The Super Hornet and especially the Growler have excellent electronic warfare systems and these are improving with additional capabilities rolling out with the APG-79 AESA radar and AN/ALE-55 Fibre Optic Towed Decoy (FOTD) and every modern combat aircraft relies heavily upon their EW systems. Anyone who doesn't, thinking their super agile fighter aircraft doesn't need such fancy "tricks" is a goose and should go back and watch that Sidewinder video again and estimate if they can out-turn that...
2. Yes the Super Hornet has significant growth potential. In fact Boeing has pitched upgraded versions on several occasions, previously touting the Block III Super Hornet (current production versions are Block II) and now the "Super Hornet International".

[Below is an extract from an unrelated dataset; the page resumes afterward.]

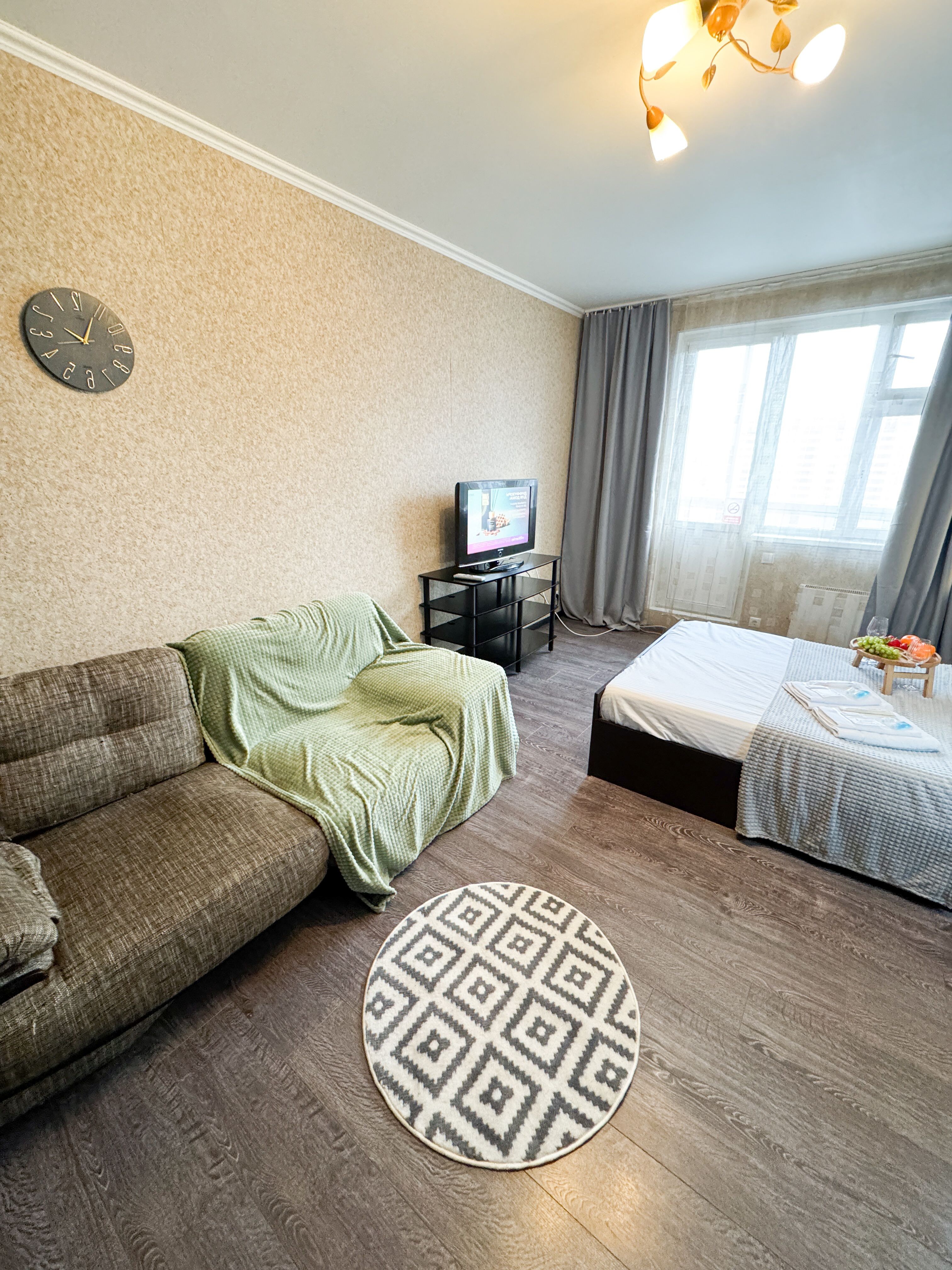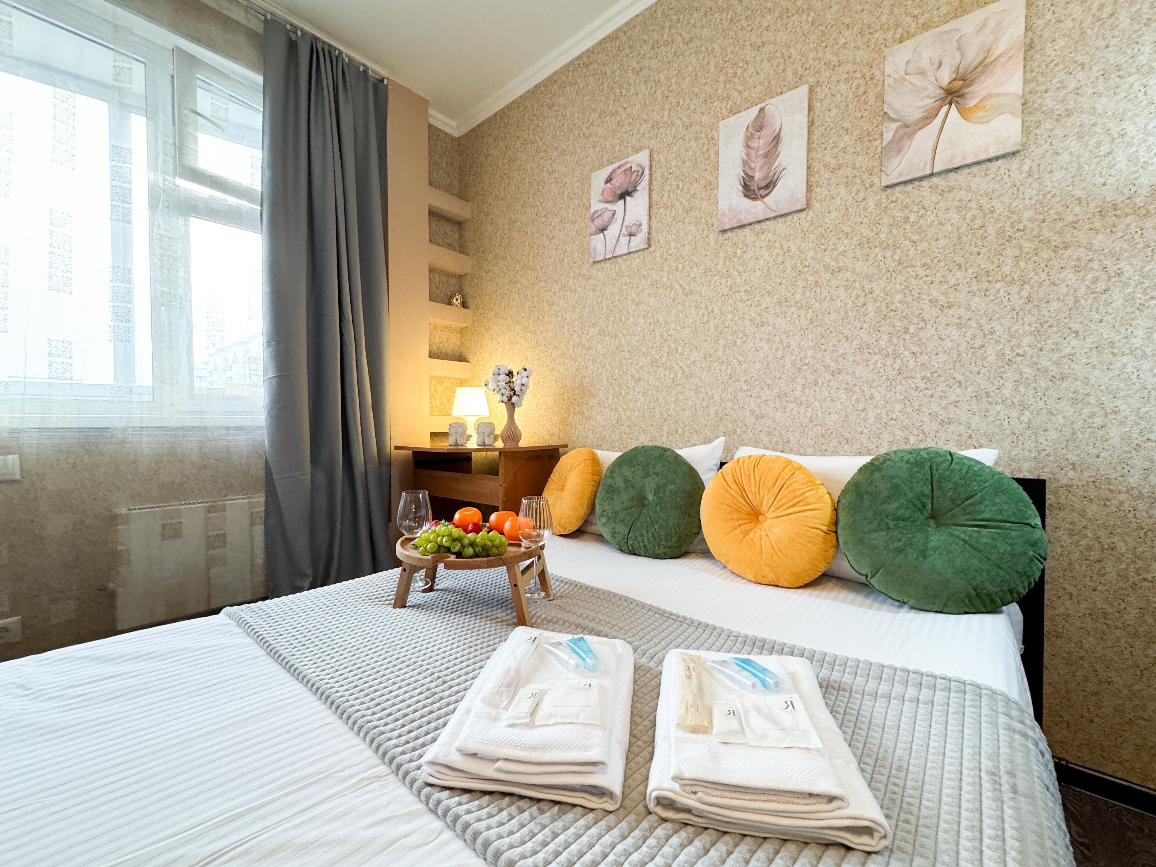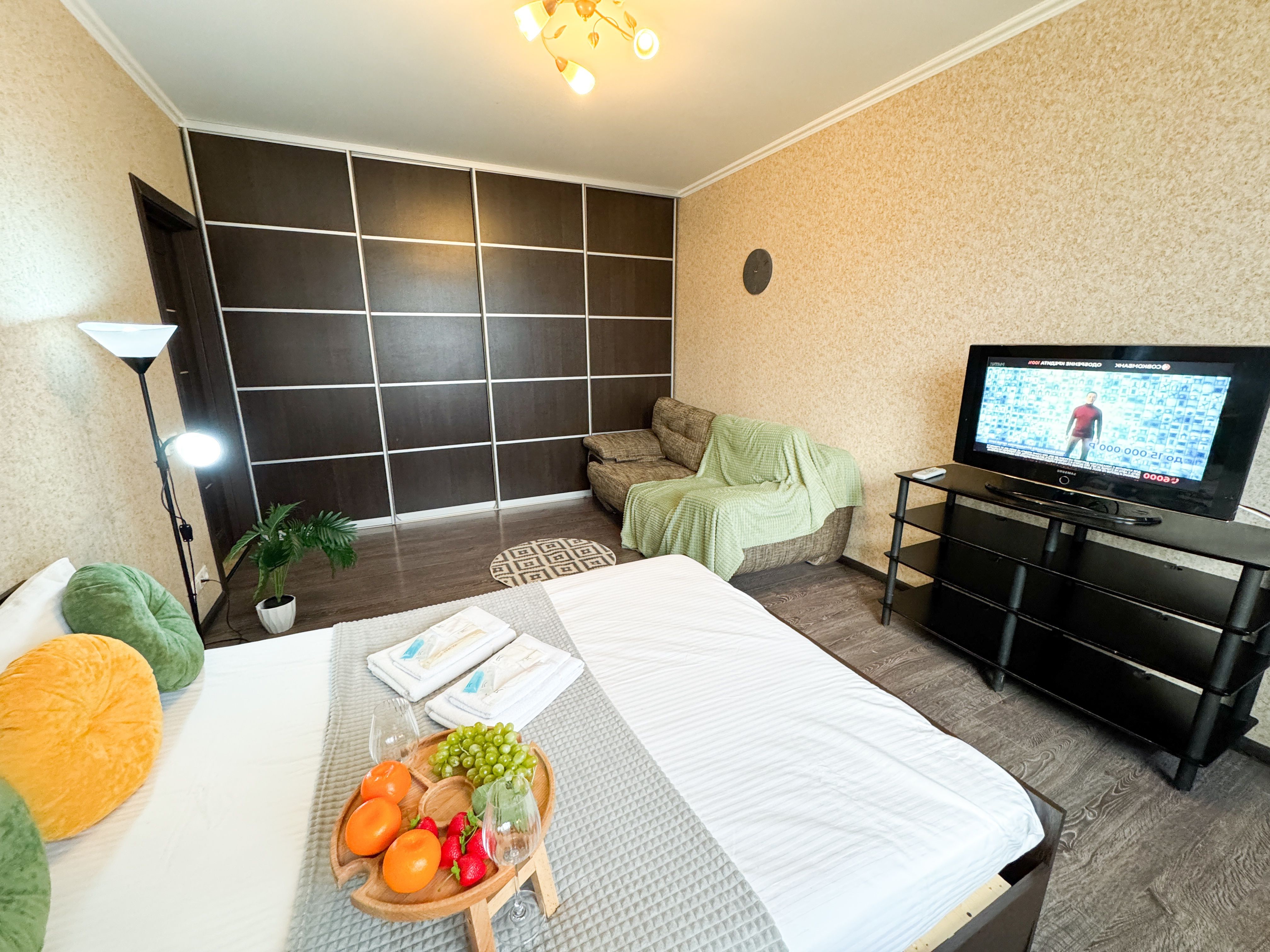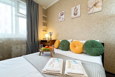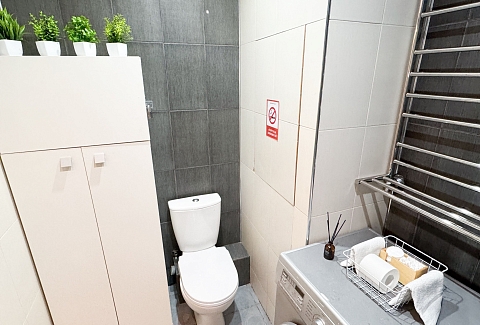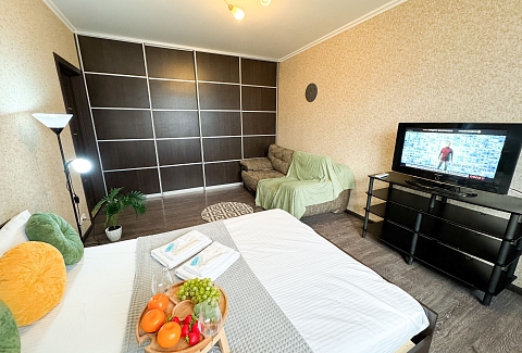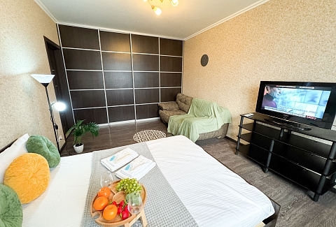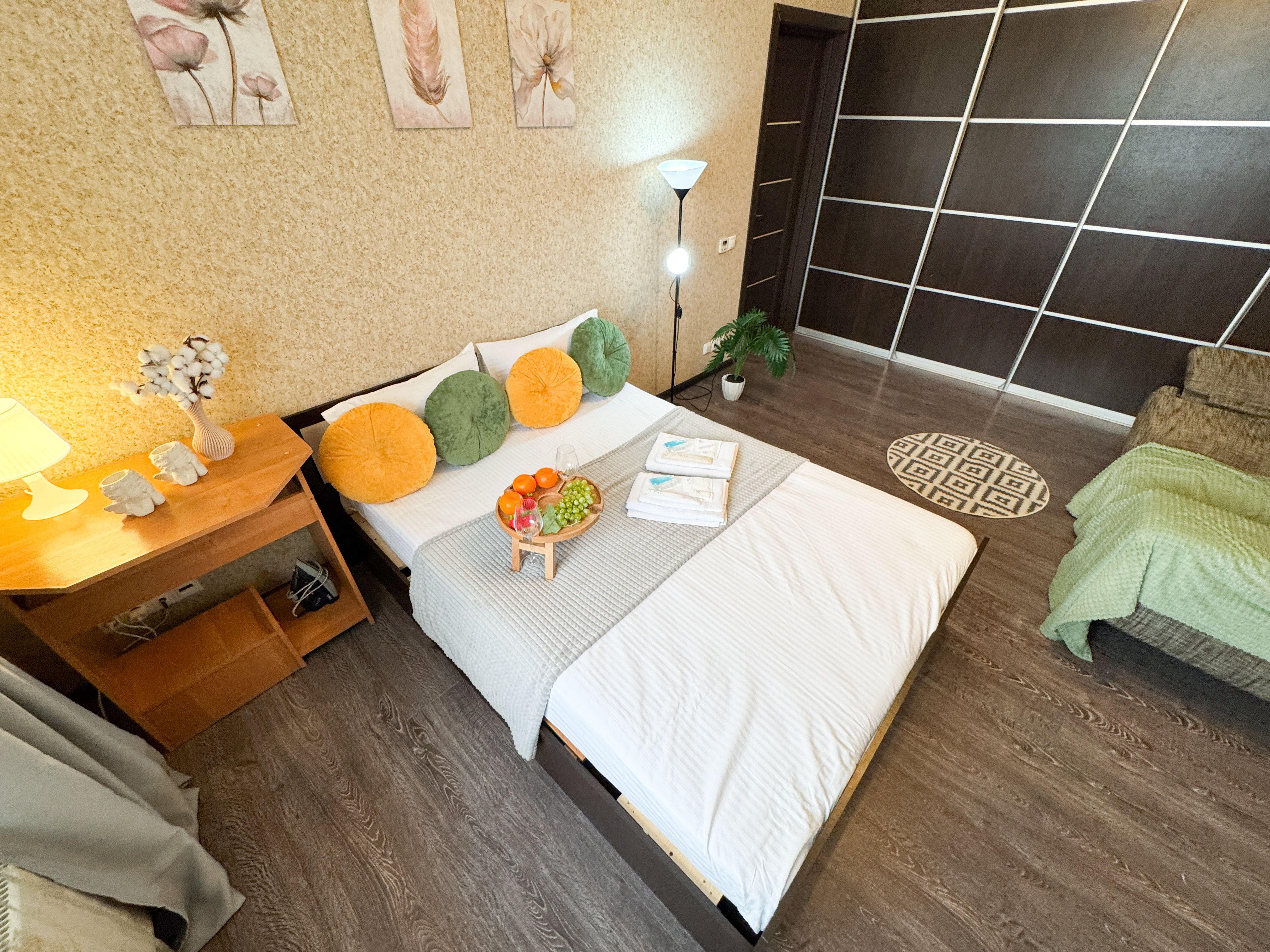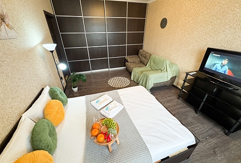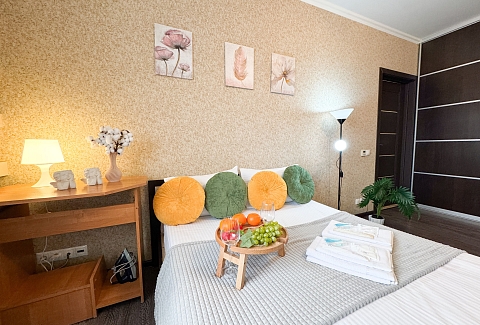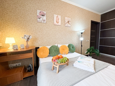 Единый стандарт качества: постельное белье из прачечной. Влажная уборка после каждого выезда. Наличие необходимых в быту вещей: личные средства гигиены, посуда, техника.Современные апартаменты сочетает в себе стиль и функциональность, создавая атмосферу, где каждый гость сможет расслабиться и насладиться временем вдали от дома.

Basically the improvements that the Super Hornet would look at include: increased thrust and increased reliability engines to improve aircraft acceleration and supersonic speed and decrease maintenance requirements and also improve fuel efficiency.
It also includes the addition of conformal fuel tanks to improve range and lower parasitic drag, a conformal weapons pod under the fuselage to improve the LO or "stealth" characteristics of the aircraft when carrying weapons, an improved cockpit and improved sensors, including an IRST - Infra-Red search and track system and a 360 degree IR defensive aperture system (to provide constant threat monitoring and missile approach warning).
Here's Boeing's touting of the improvements:
https://www.youtube.com/watch?v=lE3h8yImm4U
3. Answered already, but basically RAM - radar absorbent material on the airframe, conformal radio antennas, "radar blockers" in the air intakes and internal baffles and systems to reduce internal radar reflectivity.